• Task objective:
The result should hold only the lines from the one with "本次调查对象的年龄集中在18" through the final line of the data below, transcribed exactly, pictures left out.

• Given material:
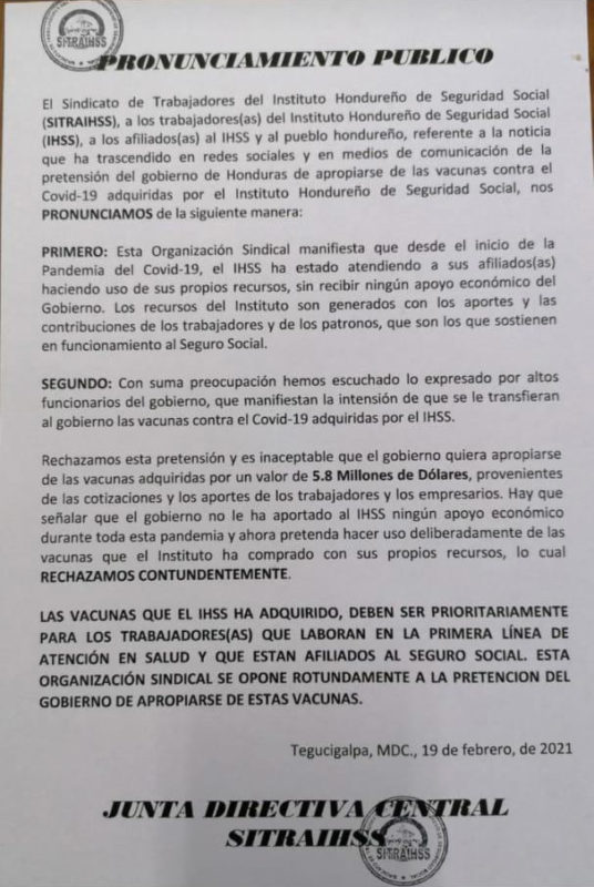 Hay que señalar que el gobierno no le ha aportado al IHSS ningún apoyo económico durante toda esta pandemia y ahora pretenda hacer uso deliberadamente de las vacunas que el instituto ha comprado con sus propios recursos, lo cual rechazamos contundentemente, reza el comunicado.
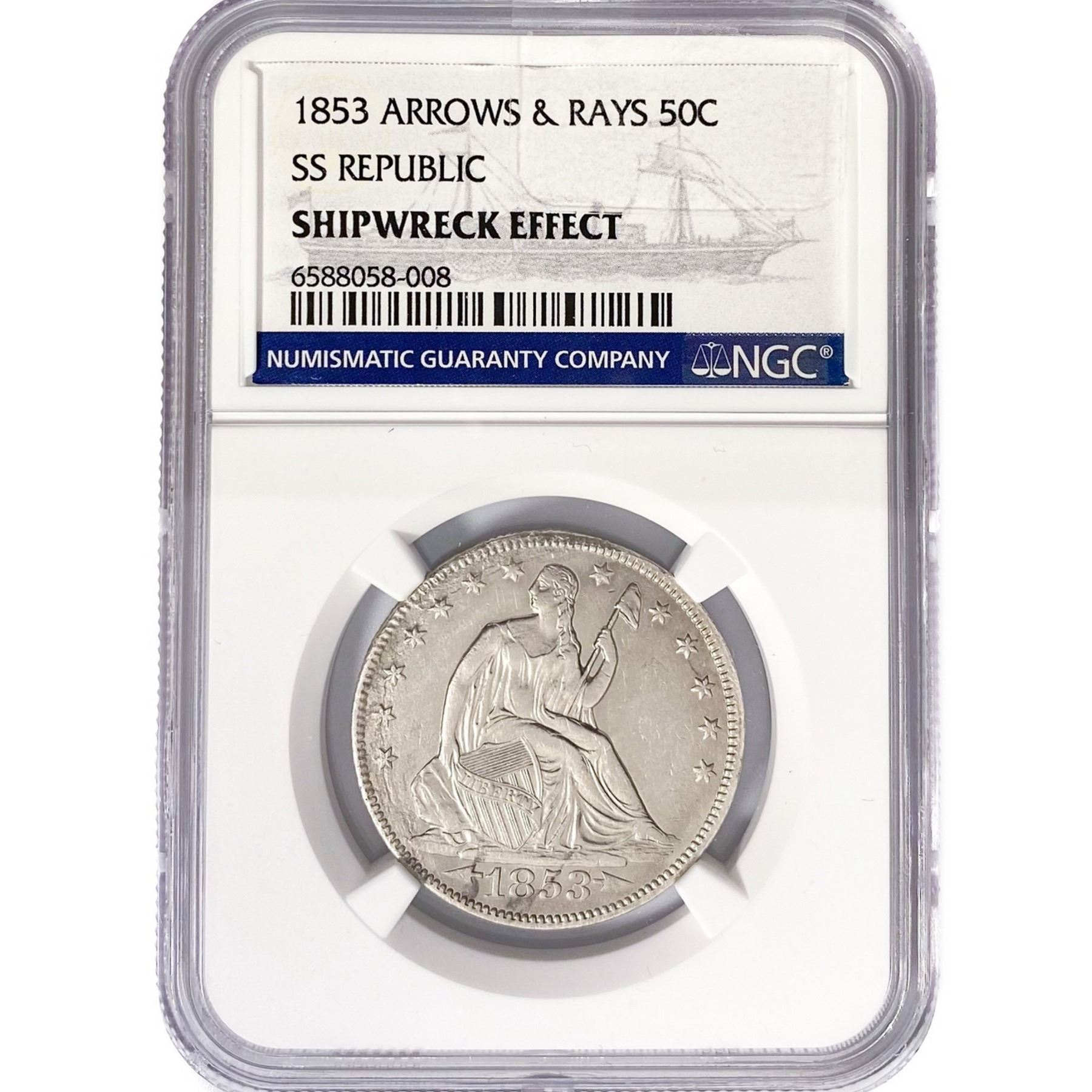 1853 Seated Lib. 50C NGC Shipwreck SS Rep Bx Set
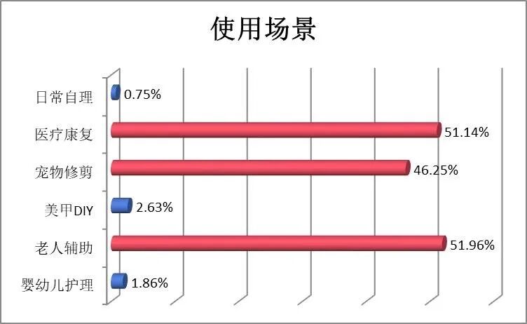 本次调查对象的年龄集中在18—45岁,占比99%,其中曾购买使用过电动指甲刀的人群占比94.18%。调查结果显示,消费者购买电动指甲刀最看重其安全性,安全设计以98%的占比成为消费者的核心关注点;高频使用是常态,主要使用场景包括老人辅助、宠物修剪及医疗康复;消费者最关注的三大功能依次为低噪声低震动、修剪效果和长续航。
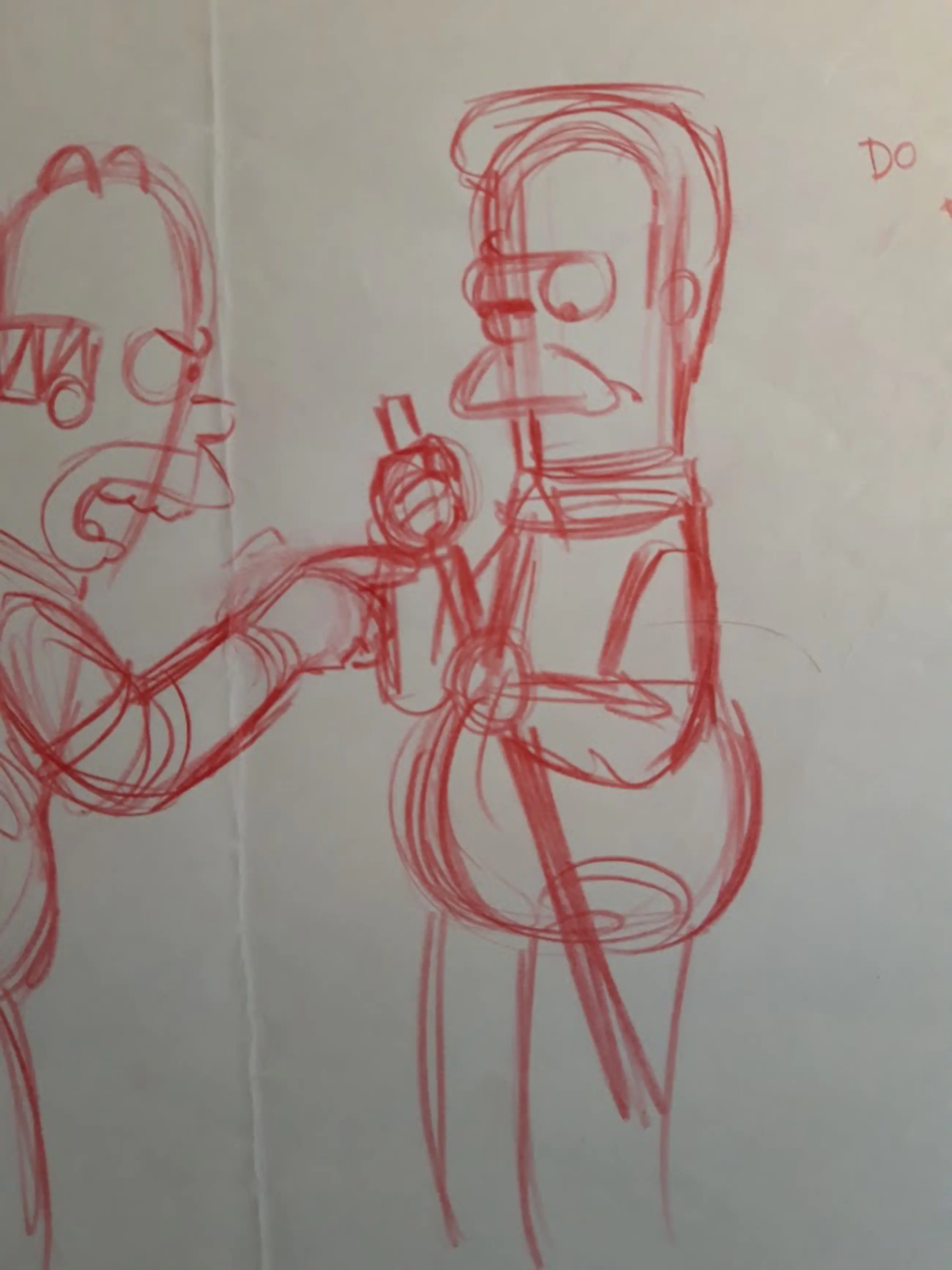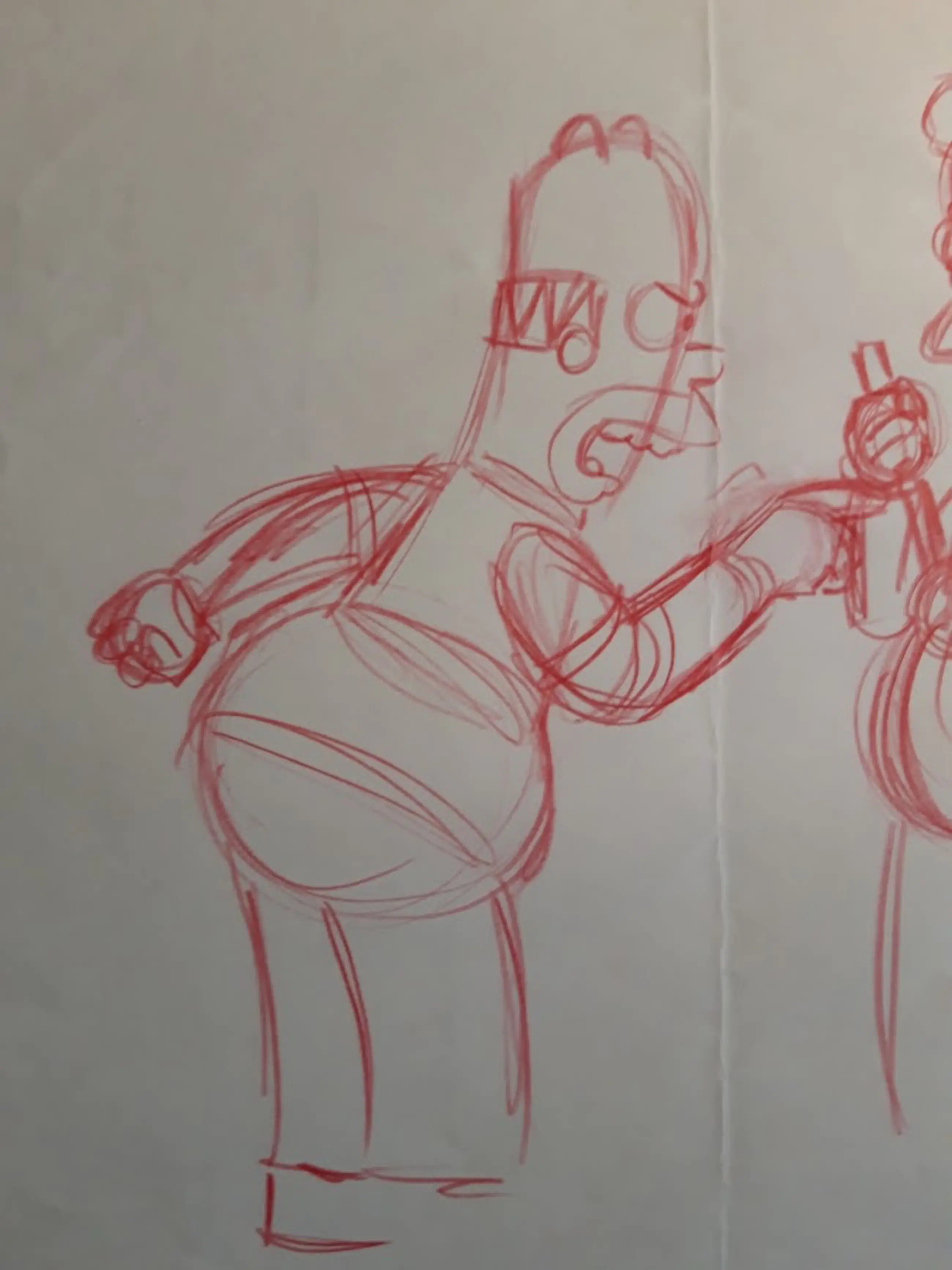 Dit is een originele tekening die werd gebruikt voor het maken van een aflevering van The Simpsons. Deze tekening is vervaardigd met potlood voor een aflevering begin jaren '90.

• Exercise response:
 本次调查对象的年龄集中在18—45岁,占比99%,其中曾购买使用过电动指甲刀的人群占比94.18%。调查结果显示,消费者购买电动指甲刀最看重其安全性,安全设计以98%的占比成为消费者的核心关注点;高频使用是常态,主要使用场景包括老人辅助、宠物修剪及医疗康复;消费者最关注的三大功能依次为低噪声低震动、修剪效果和长续航。
 Dit is een originele tekening die werd gebruikt voor het maken van een aflevering van The Simpsons. Deze tekening is vervaardigd met potlood voor een aflevering begin jaren '90.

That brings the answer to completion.